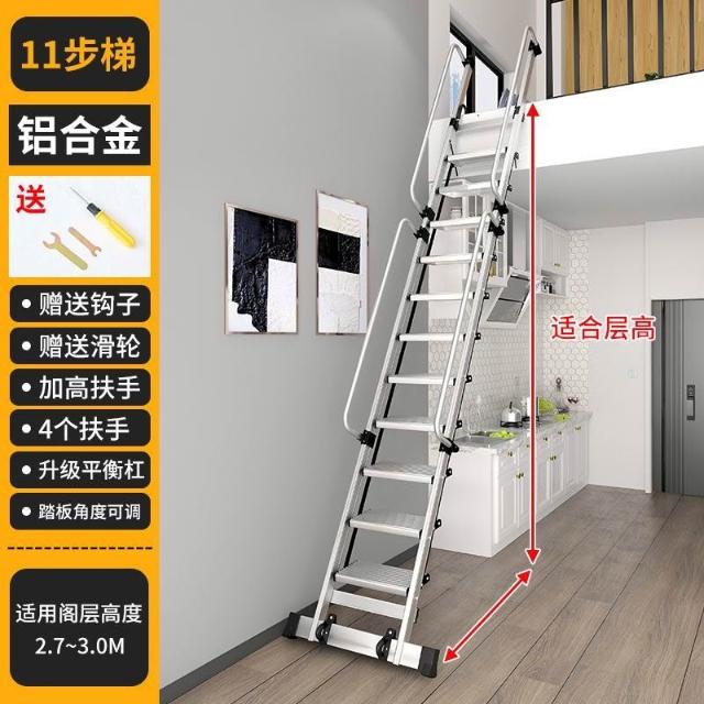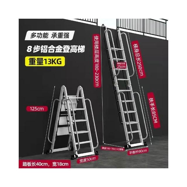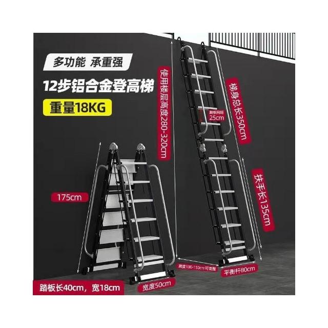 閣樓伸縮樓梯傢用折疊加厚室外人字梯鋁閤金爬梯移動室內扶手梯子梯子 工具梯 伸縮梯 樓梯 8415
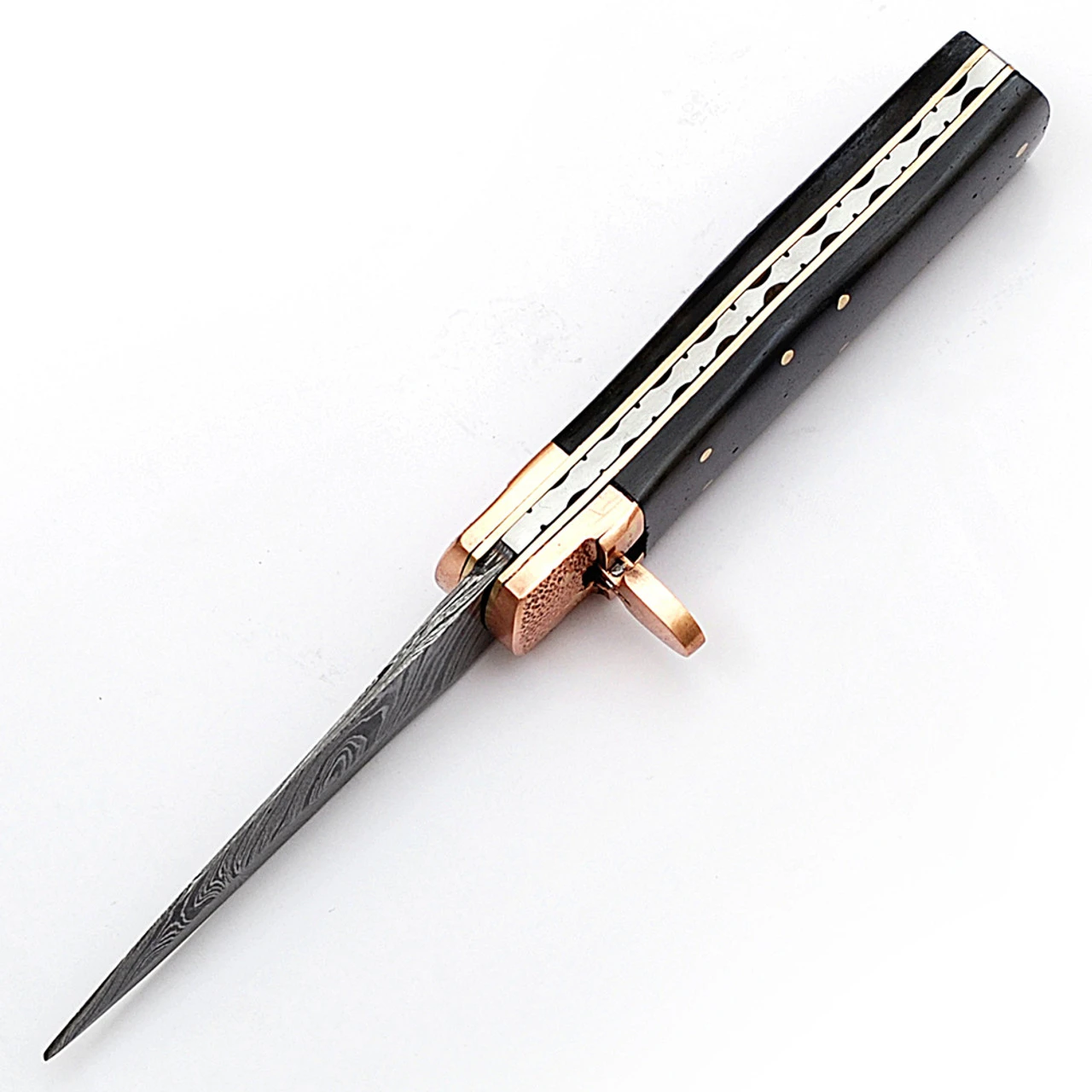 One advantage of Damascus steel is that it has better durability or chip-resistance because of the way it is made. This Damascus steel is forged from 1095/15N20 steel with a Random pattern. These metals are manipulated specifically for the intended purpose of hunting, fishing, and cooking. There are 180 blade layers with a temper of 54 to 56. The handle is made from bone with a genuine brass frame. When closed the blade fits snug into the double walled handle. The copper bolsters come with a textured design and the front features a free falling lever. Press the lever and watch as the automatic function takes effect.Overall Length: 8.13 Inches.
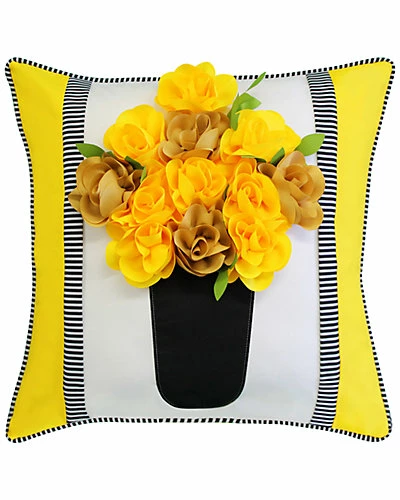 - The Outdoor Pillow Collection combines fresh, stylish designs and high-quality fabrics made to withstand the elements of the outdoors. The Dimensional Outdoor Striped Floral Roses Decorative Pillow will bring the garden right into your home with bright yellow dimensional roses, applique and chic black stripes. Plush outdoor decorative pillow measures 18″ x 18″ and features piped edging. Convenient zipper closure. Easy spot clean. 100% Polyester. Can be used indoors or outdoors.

Action item:
Without the pictures, write out every line above exactly as it appears.

Result for this exercise:
 閣樓伸縮樓梯傢用折疊加厚室外人字梯鋁閤金爬梯移動室內扶手梯子梯子 工具梯 伸縮梯 樓梯 8415
 One advantage of Damascus steel is that it has better durability or chip-resistance because of the way it is made. This Damascus steel is forged from 1095/15N20 steel with a Random pattern. These metals are manipulated specifically for the intended purpose of hunting, fishing, and cooking. There are 180 blade layers with a temper of 54 to 56. The handle is made from bone with a genuine brass frame. When closed the blade fits snug into the double walled handle. The copper bolsters come with a textured design and the front features a free falling lever. Press the lever and watch as the automatic function takes effect.Overall Length: 8.13 Inches.
 - The Outdoor Pillow Collection combines fresh, stylish designs and high-quality fabrics made to withstand the elements of the outdoors. The Dimensional Outdoor Striped Floral Roses Decorative Pillow will bring the garden right into your home with bright yellow dimensional roses, applique and chic black stripes. Plush outdoor decorative pillow measures 18″ x 18″ and features piped edging. Convenient zipper closure. Easy spot clean. 100% Polyester. Can be used indoors or outdoors.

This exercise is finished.